What the task requires: Would you copy every record exactly as it stands and drop the pictures?

Data extract:

--- START ---

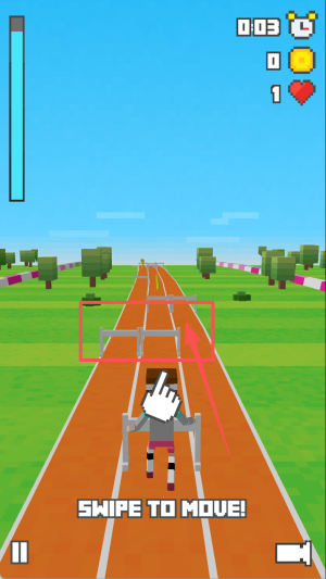 3、游戏中,滑动屏幕操控角色移动,躲避跑道上的障碍物,持续向前。
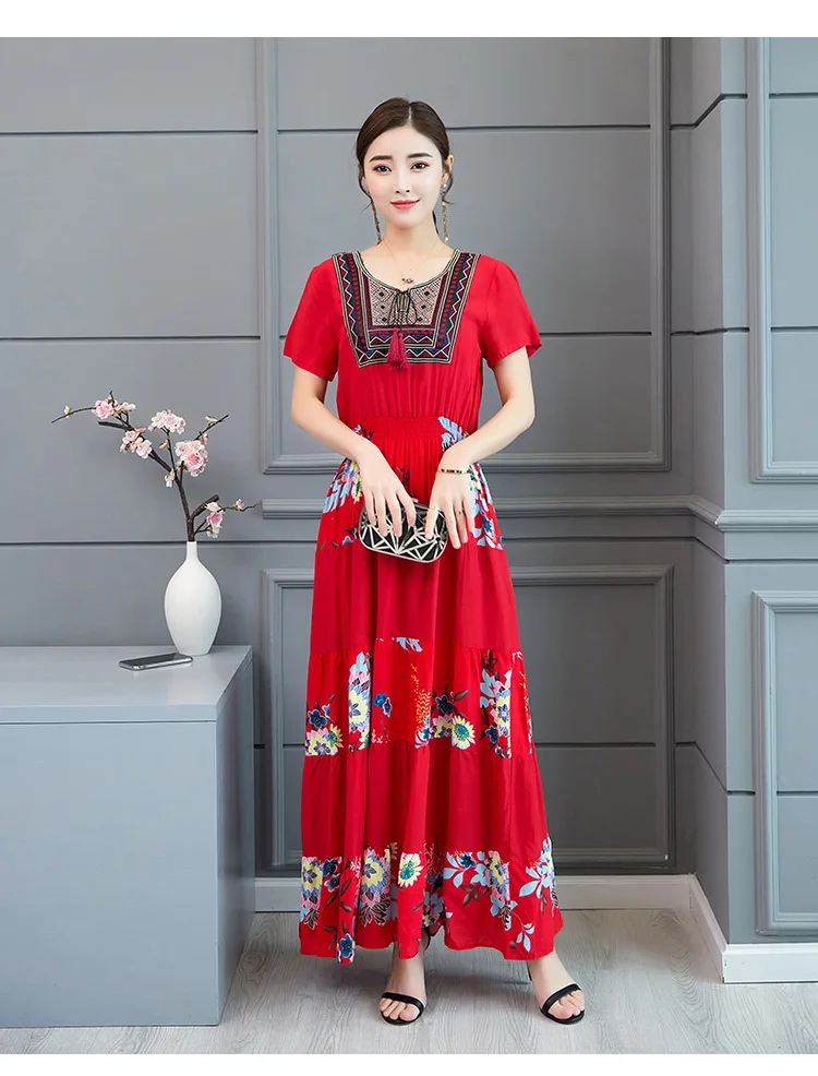 Женское платье-трапеция с коротким рукавом, хлопковое льняное платье макси с круглым вырезом, модель DV414 на лето, 2019
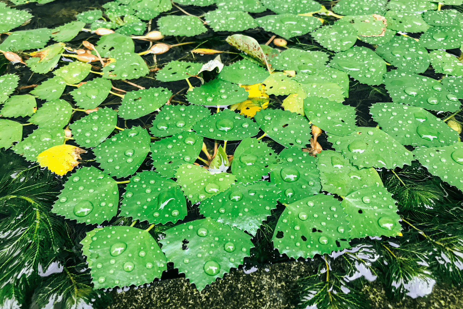 ヒシは決して悪者ではなく、水辺に暮らす小さな生物の隠れ家、という大切な役割を持っている。
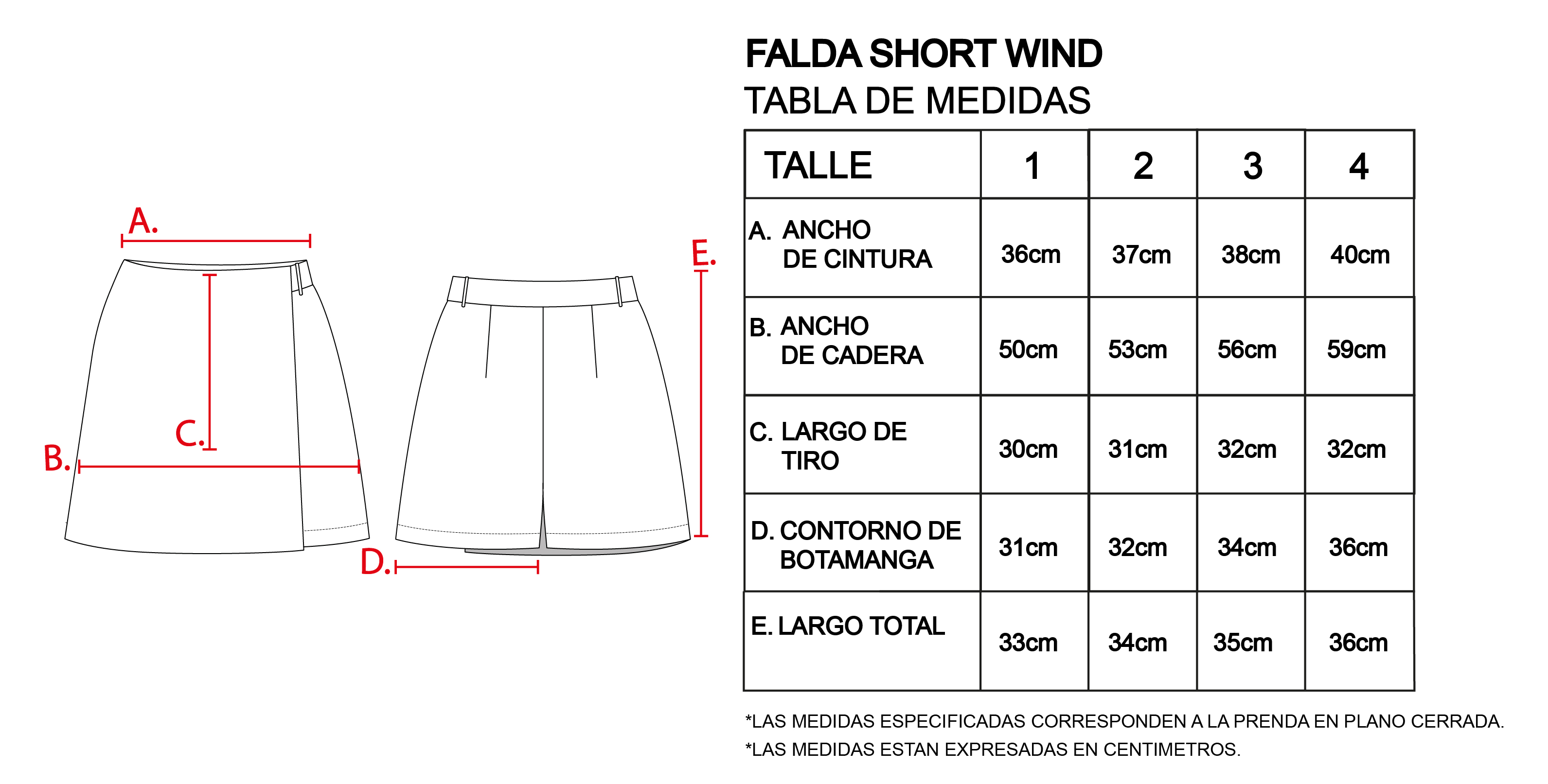 Falda short tiro medio. El acceso es mediante un cierre invisible lateral. Posee pasacintos..
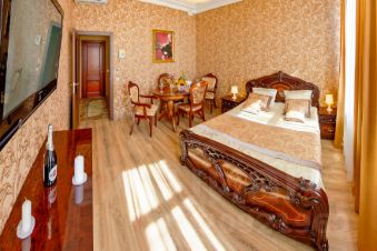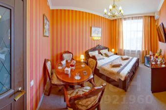 ОБ ОБЪЕКТЕ: Планировка включает в себя: рецепшн, шесть комнат и апартаменты с двумя спальнями, просторной гостиной, сауной, спа - бассейном, кухней и действующим камином - на четвёртом этаже и шесть комнат, кухня для гостей, прачечная на пятом этаже. Парадная лестница со стороны улицы, пологая, чистая лестница. Зелёный, открытый, просторный, двор. Высокие потолки 3,3 метра создают ощущение простора. Вид из окон в сторону улицы и во двор (восток и запад), двухсторонняя планировка обеспечивает хорошее естественное освещение. Изысканный интерьер в классическом стиле. Каждыая комната укомплектована необходимой мебелью, имеет собственный санузел, кондиционер и телевизор. Оборудована кухонная зона, которой могут пользоваться постояльцы. Квартира продаётся со всей мебелью и техникой.
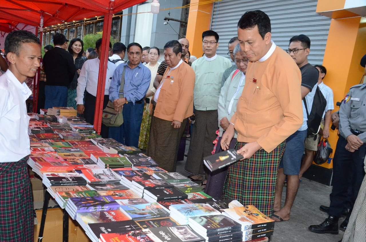 ရန်ကုန်တိုင်းဒေသကြီး ဝန်ကြီးချုပ် ဦးဖြိုးမင်းသိန်းမှ အမှာစကားပြောကြားရာ၌ ယနေ့ပြောင်းလဲလာပြီးသော ခေတ်ကာလအခြေအနေပေါ် မူတည်ပြီး မြန်မာနိုင်ငံ သတင်းစာဆရာအသင်း၏ ကြိုးပမ်းအားထုတ်မှုတွေကို ကျွန်တော်တို့အနေနှင့် ကျေးဇူးတင်ရှိပါကြောင်း၊ နောင်အနာဂတ် စာပေမျိုးဆက်သစ် ညီငယ်မောင်မယ်များကိုလည်း စာအုပ်စာပေများနှင့်နီးစပ်ဖို့ ကျွန်တော်တို့တတွေ အစဉ်တစိုက် ကြိုးစားနေကြရမှာဖြစ်ကြောင်း၊ ခုလိုဖွင့်လှစ်လိုက်တဲ့ ညဈေးစာအုပ်အရောင်း ဈေးတန်းကဲ့သို့ အမြဲတမ်း စာအုပ်စာပေ ဈေးတန်းတွေ ဖွင့်လှစ်နိုင်ဖို့ တိုင်းဒေသကြီးကလည်း ကြိုးစားနေပါကြောင်း၊ ရန်ကုန်ကမ်းနားလမ်းမှာ ဖွင့်ထားတဲ့ ညဈေးတန်းကြီးကိုလည်း အဆင့်မြှင့်တင်သွားဖို့ ရည်ရွယ်ထားပါကြောင်း၊ မည်သည့်အရာကိုမဆို စွန့်လွှတ်အနစ်နာခံ လုပ်ကိုင်နေကြတဲ့ ပြည်သူအပေါင်းကိုလည်း အထူးကျေးဇူးတင်ရှိပါကြောင်း ပြောကြားသည်။
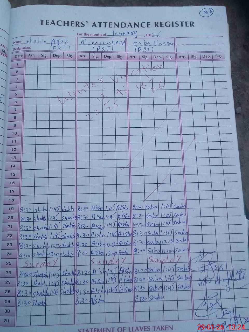 | Name: SH**** AY**** Designation: (School Headmaster's/Headmistress's) PST Phone/Cell Number: 03**** |
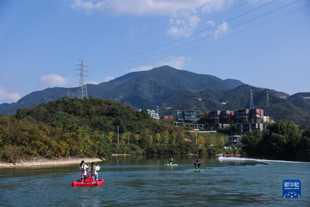 10月23日,游客在建德市楊村橋鎮嶺源樂活島休閒基地體驗水上運動項目。
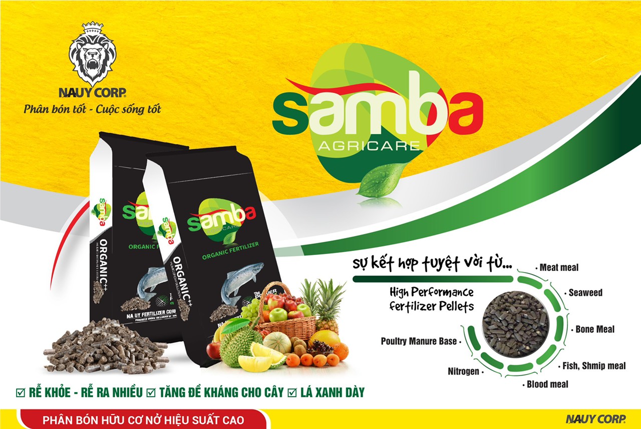 PHÂN BÓN HỮU CƠ NỞ HIỆU SUẤT CAO NA UY SAMBA là loại phân bón hiệu suất cao được thiết kế trên một công thức độc đáo bổ sung đầy đủ các dưỡng chất thiết yếu cho cây đất, cây trồng. Các chủng men vi sinh, hàm lượng hữu cơ cao lên men hoàn toàn, đạm, lân, kali, acid humic, fulvic cùng các amino acid và các trung vi lượng Ma giê, Bo, giúp giữ ẩm, tham gia cải tạo cấu trúc và bề mặt giúp đất tơi xốp, tạo môi trường tốt cho vi sinh vật có lợi cho đất phát triển, hạn chế rửa trôi phân, tăng khả năng hấp thụ dinh dưỡng, nâng cao hiệu quả sử dụng phân bón. Tăng năng suất và chất lượng nông sản.
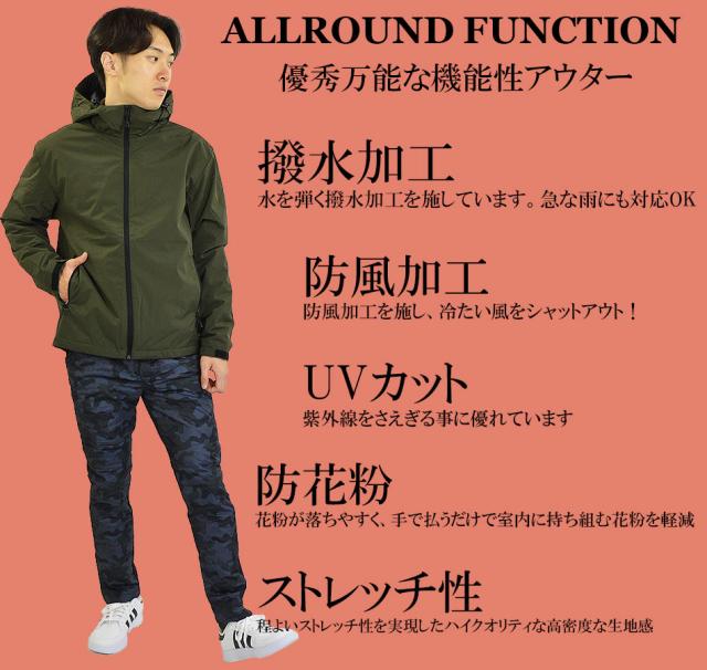 ■撥水加工をはじめ、防風加工、防花粉加工、UVカット加工まで多機能装備、程よくストレッチ性を持たせた高機能。
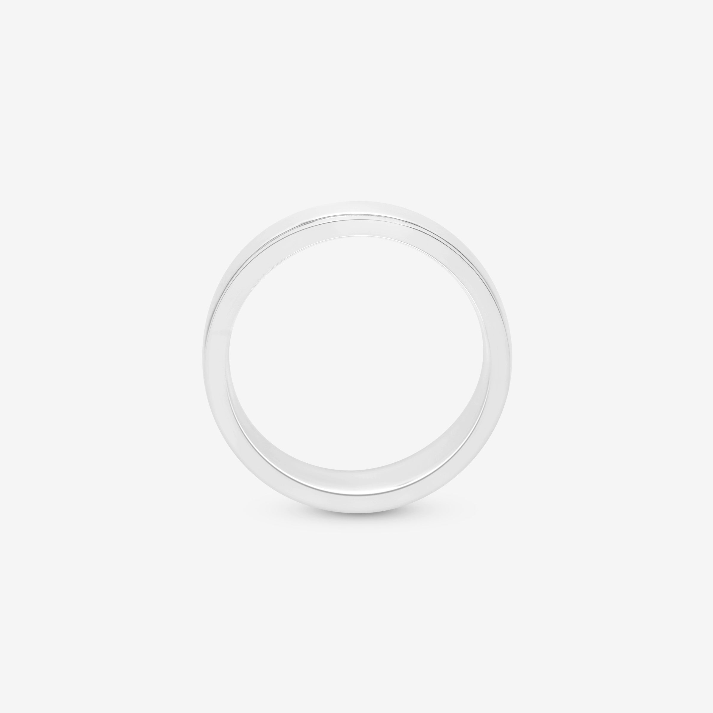 The wide flat profile creates substantial surface area while the center groove adds linear detail. Solid 925 sterling silver ensures weight and durability befitting the wide width. The polished finish highlights the clean geometry while the groove creates subtle shadow play.
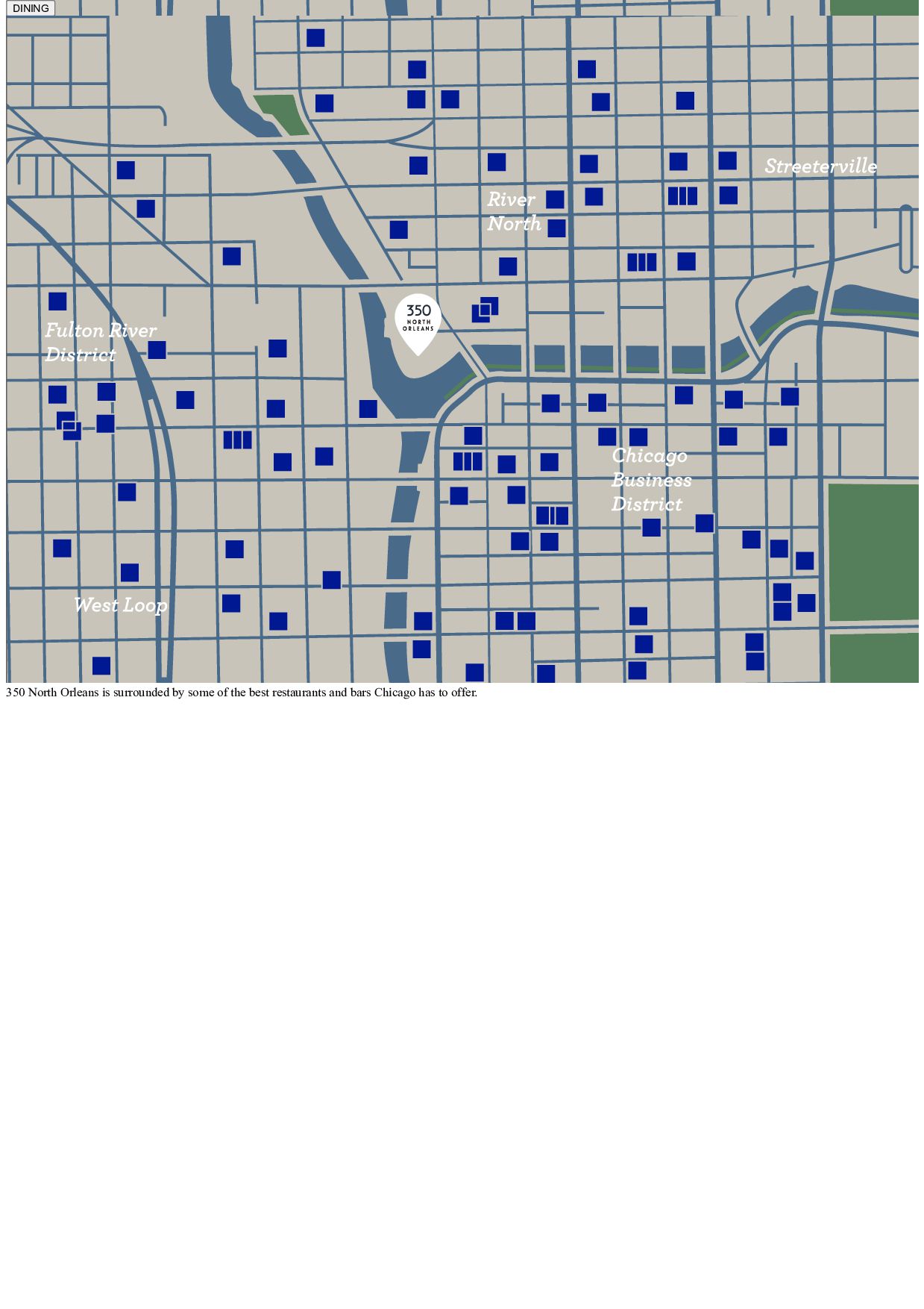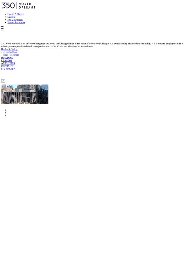 350 North Orleans is an office building that sits along the Chicago River in the heart of downtown Chicago. Rich with history and modern versatility, it is a modern employment hub where grown-up tech and media companies want to be. Come see where we’re headed next.
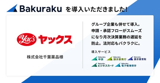 この度、千葉県・茨城県を中心に「ヤックスドラッグ」「アタック5」をはじめ調剤薬局、在宅医療などさまざまな事業を展開する千葉薬品に「バクラク申請」「バクラク請求書発行」「バクラク請求書受取」「バクラクビジネスカード」「バクラク電子帳簿保存」が導入されました。グループ企業も併せての導入となります。
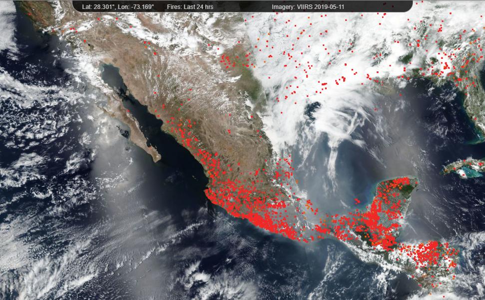 Imagen de satélite de la NASA de las zonas de incendios forestales en México en las últimas 24 horas.

--- END ---

Output for this task:
 3、游戏中,滑动屏幕操控角色移动,躲避跑道上的障碍物,持续向前。
 Женское платье-трапеция с коротким рукавом, хлопковое льняное платье макси с круглым вырезом, модель DV414 на лето, 2019
 ヒシは決して悪者ではなく、水辺に暮らす小さな生物の隠れ家、という大切な役割を持っている。
 Falda short tiro medio. El acceso es mediante un cierre invisible lateral. Posee pasacintos..
 ОБ ОБЪЕКТЕ: Планировка включает в себя: рецепшн, шесть комнат и апартаменты с двумя спальнями, просторной гостиной, сауной, спа - бассейном, кухней и действующим камином - на четвёртом этаже и шесть комнат, кухня для гостей, прачечная на пятом этаже. Парадная лестница со стороны улицы, пологая, чистая лестница. Зелёный, открытый, просторный, двор. Высокие потолки 3,3 метра создают ощущение простора. Вид из окон в сторону улицы и во двор (восток и запад), двухсторонняя планировка обеспечивает хорошее естественное освещение. Изысканный интерьер в классическом стиле. Каждыая комната укомплектована необходимой мебелью, имеет собственный санузел, кондиционер и телевизор. Оборудована кухонная зона, которой могут пользоваться постояльцы. Квартира продаётся со всей мебелью и техникой.
 ရန်ကုန်တိုင်းဒေသကြီး ဝန်ကြီးချုပ် ဦးဖြိုးမင်းသိန်းမှ အမှာစကားပြောကြားရာ၌ ယနေ့ပြောင်းလဲလာပြီးသော ခေတ်ကာလအခြေအနေပေါ် မူတည်ပြီး မြန်မာနိုင်ငံ သတင်းစာဆရာအသင်း၏ ကြိုးပမ်းအားထုတ်မှုတွေကို ကျွန်တော်တို့အနေနှင့် ကျေးဇူးတင်ရှိပါကြောင်း၊ နောင်အနာဂတ် စာပေမျိုးဆက်သစ် ညီငယ်မောင်မယ်များကိုလည်း စာအုပ်စာပေများနှင့်နီးစပ်ဖို့ ကျွန်တော်တို့တတွေ အစဉ်တစိုက် ကြိုးစားနေကြရမှာဖြစ်ကြောင်း၊ ခုလိုဖွင့်လှစ်လိုက်တဲ့ ညဈေးစာအုပ်အရောင်း ဈေးတန်းကဲ့သို့ အမြဲတမ်း စာအုပ်စာပေ ဈေးတန်းတွေ ဖွင့်လှစ်နိုင်ဖို့ တိုင်းဒေသကြီးကလည်း ကြိုးစားနေပါကြောင်း၊ ရန်ကုန်ကမ်းနားလမ်းမှာ ဖွင့်ထားတဲ့ ညဈေးတန်းကြီးကိုလည်း အဆင့်မြှင့်တင်သွားဖို့ ရည်ရွယ်ထားပါကြောင်း၊ မည်သည့်အရာကိုမဆို စွန့်လွှတ်အနစ်နာခံ လုပ်ကိုင်နေကြတဲ့ ပြည်သူအပေါင်းကိုလည်း အထူးကျေးဇူးတင်ရှိပါကြောင်း ပြောကြားသည်။
 | Name: SH**** AY**** Designation: (School Headmaster's/Headmistress's) PST Phone/Cell Number: 03**** |
 10月23日,游客在建德市楊村橋鎮嶺源樂活島休閒基地體驗水上運動項目。
 PHÂN BÓN HỮU CƠ NỞ HIỆU SUẤT CAO NA UY SAMBA là loại phân bón hiệu suất cao được thiết kế trên một công thức độc đáo bổ sung đầy đủ các dưỡng chất thiết yếu cho cây đất, cây trồng. Các chủng men vi sinh, hàm lượng hữu cơ cao lên men hoàn toàn, đạm, lân, kali, acid humic, fulvic cùng các amino acid và các trung vi lượng Ma giê, Bo, giúp giữ ẩm, tham gia cải tạo cấu trúc và bề mặt giúp đất tơi xốp, tạo môi trường tốt cho vi sinh vật có lợi cho đất phát triển, hạn chế rửa trôi phân, tăng khả năng hấp thụ dinh dưỡng, nâng cao hiệu quả sử dụng phân bón. Tăng năng suất và chất lượng nông sản.
 ■撥水加工をはじめ、防風加工、防花粉加工、UVカット加工まで多機能装備、程よくストレッチ性を持たせた高機能。
 The wide flat profile creates substantial surface area while the center groove adds linear detail. Solid 925 sterling silver ensures weight and durability befitting the wide width. The polished finish highlights the clean geometry while the groove creates subtle shadow play.
 350 North Orleans is an office building that sits along the Chicago River in the heart of downtown Chicago. Rich with history and modern versatility, it is a modern employment hub where grown-up tech and media companies want to be. Come see where we’re headed next.
 この度、千葉県・茨城県を中心に「ヤックスドラッグ」「アタック5」をはじめ調剤薬局、在宅医療などさまざまな事業を展開する千葉薬品に「バクラク申請」「バクラク請求書発行」「バクラク請求書受取」「バクラクビジネスカード」「バクラク電子帳簿保存」が導入されました。グループ企業も併せての導入となります。
 Imagen de satélite de la NASA de las zonas de incendios forestales en México en las últimas 24 horas.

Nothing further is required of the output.